Data scientists and statisticians are no longer needed. The sexiest job of the 21st century is out and all you need is an API key to have your own 24-hour on-call data scientist.

Or so you may be led to believe by a recent Microsoft research paper that highlighted the top 40 jobs with a high “AI applicability score” (data scientist was 28th). How can data exploration, careful study design and statistical methods compete with an army of round-the-clock agents promising to obligingly take ideas to fruition in a matter of hours for a few dollars?

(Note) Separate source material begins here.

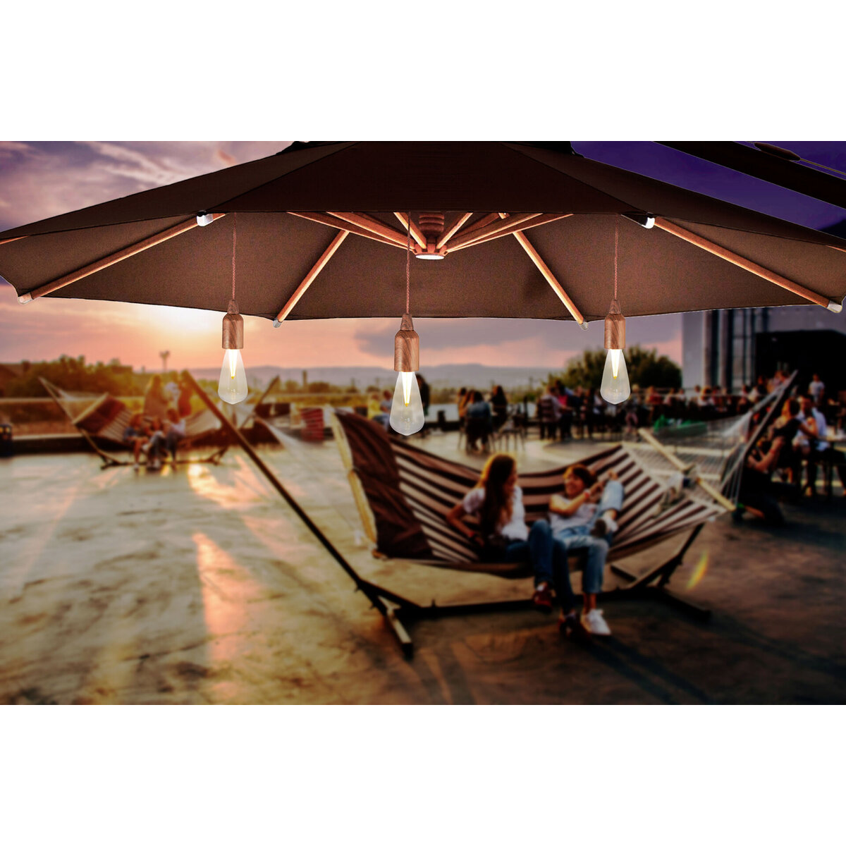 Sonnenschirm-Hängebeleuchtung mit integr. LED und Akku, braun. Kordellänge: 102 cm, Gesamtlänge mit Lampen: 124 cm. Wasserdicht nach IP54. Inkl. USB C Ladekabel. Lichttemperatur: 2800K. Im 3er Pack.

This is wonderful when there are minimal consequences for being wrong; an AI poem can’t hurt anyone (beyond the sensibilities of poetry critics), but an AI with responsibility for cancer diagnosis could have tragic impacts. In the race to keep up with the weekly releases of benchmark-beating LLMs, there is little space for the statistical calm needed to answer the question ‘Is AI making things better?’ As we begin to entrust AI with the autonomy to make consequential decisions, we are in critical need of a newly skilled profession devoted to evaluating models during development, validation and post-deployment.  Statisticians and data scientists are uniquely positioned to form the foundation of this new profession, and to challenge models that can look persuasively omniscient.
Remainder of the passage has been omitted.